As I've said before most of the free new tools will be gone in a year (I've read some posts here where people have lost stuff when site X shuts down). I'm actually rambling in the wrong discussion, I see that the main discussion here is open source vs. Windows and I know NOTHING about that!! It's pouring snow here.
No, I'm off topic. You're not.
Actually, most people have no idea how much they use free and open source software. About 2/3 of the web is run on LAMP servers. L for Linux, A for Apache, M, for MySQL, and P for PHP (Perl or whatever). They are all open source.

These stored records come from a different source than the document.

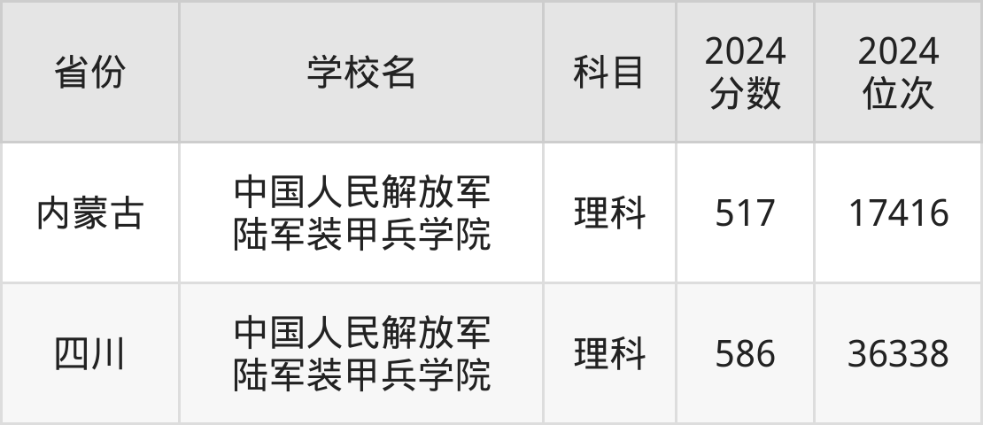 2024年中国人民解放军陆军装甲兵学院理科最低分517分(17416名)。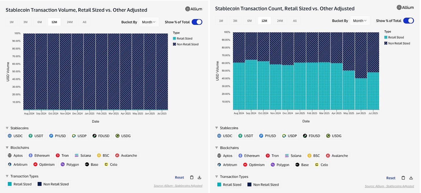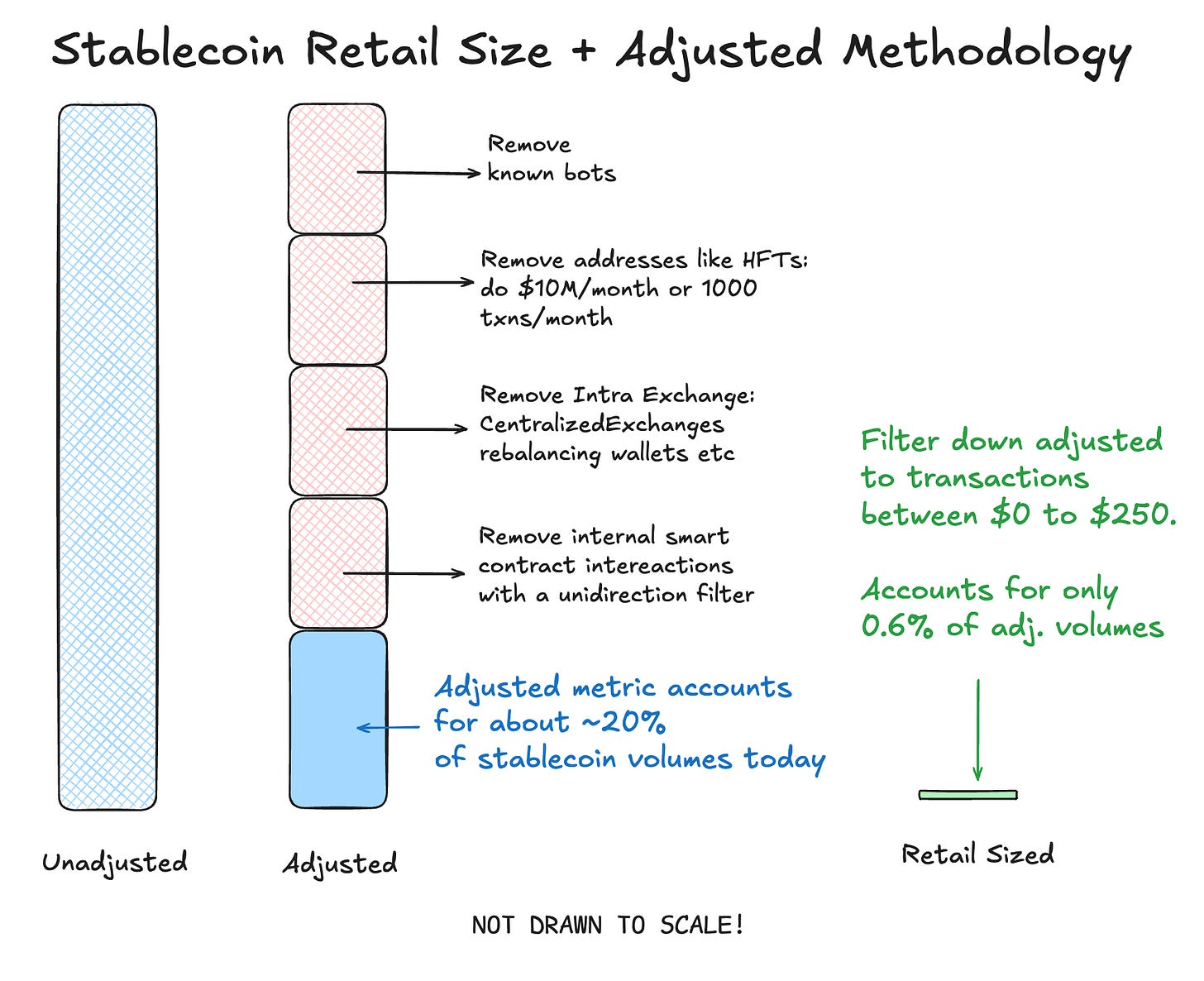 Despite retail-sized stablecoin transfers accounting for just 0.6% of adjusted notional volume, they make up ~40% of all adjusted stablecoin transactions.
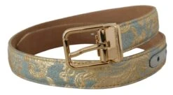 Style Tribute Dolce & Gabbana Women’s Blue Leather Jacquard Embossed Gold Metal Buckle Belt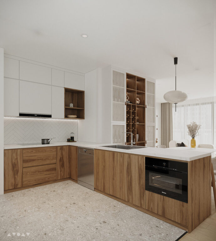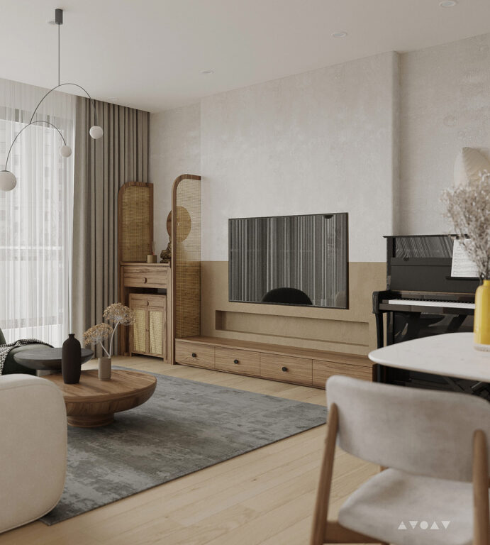 一個(gè)引人注目的拱門位于這個(gè)現(xiàn)代住宅的客廳中央,在小沙發(fā)后面形成了一個(gè)優(yōu)雅的背景。沙發(fā)后面的拱形造型實(shí)際上是一個(gè)緊湊的工作區(qū),嵌入一排定制的儲(chǔ)物柜中。迷人的白色和木材是溫暖地組合配色。在客廳地毯的另一邊,一張拱形靠背的躺椅增添了一條互補(bǔ)的曲線。兩個(gè)圓形茶幾組合在客廳中央優(yōu)雅的拱形枝形吊燈下。圓形藤條屏風(fēng)與珍貴的佛壇接壤,將其與電視墻和媒體柜輕輕隔開。
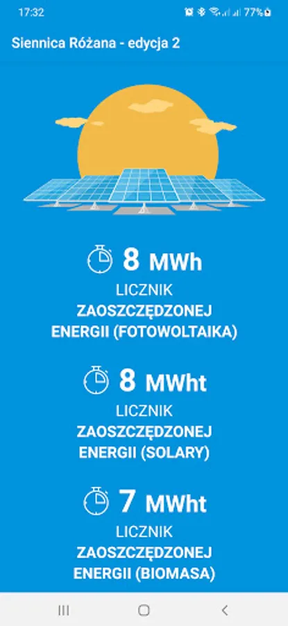 In addition, the application presents figures on energy savings, information on the RES project and technology, and on the natural values of the commune protected by the project. The application includes a photo gallery from the area of the Siennica Różana Commune.

On top of that there are many first rate open source apps that run in that environment such as WordPress, MediaWiki, and I could go on.

I think if people realized this, they would be more receptive to open source and realize that it is not categorically second rate.
Yes and I enjoy tapping into that.
Steve you may have met your 'separated at birth' tech guy in Indigo.
Ok, in this case, you answered that 5 techies were needed to support 3,500 machines on whatever cheap software they were running. You could just as well have said so in your post instead of saying NONE, based on one case. Yet, in another discussion, you assert that techies should be freed of "troubleshooting" by innovative teachers, so that the techies have more time to adapt to modern needs. So, it seems that not adding techies just pushes the job of troubleshooting onto the teachers (as it had been since the beginning), thereby limiting the innovations that can be discovered by the innovative teachers.

I get the sense that you are a person who is more accustomed to being listened to, than one who listens. You still have not provided any reason to follow your advice if the teacher wants to use software that does not run on your cheap system. You just seem to want to roll her over with a bulldozer of unrelated arguments.
The best OS is the one your teachers can utilize to make teaching and learning happen. Until you know your teachers can use it comfortably, it doesn't really matter which OS a school chooses.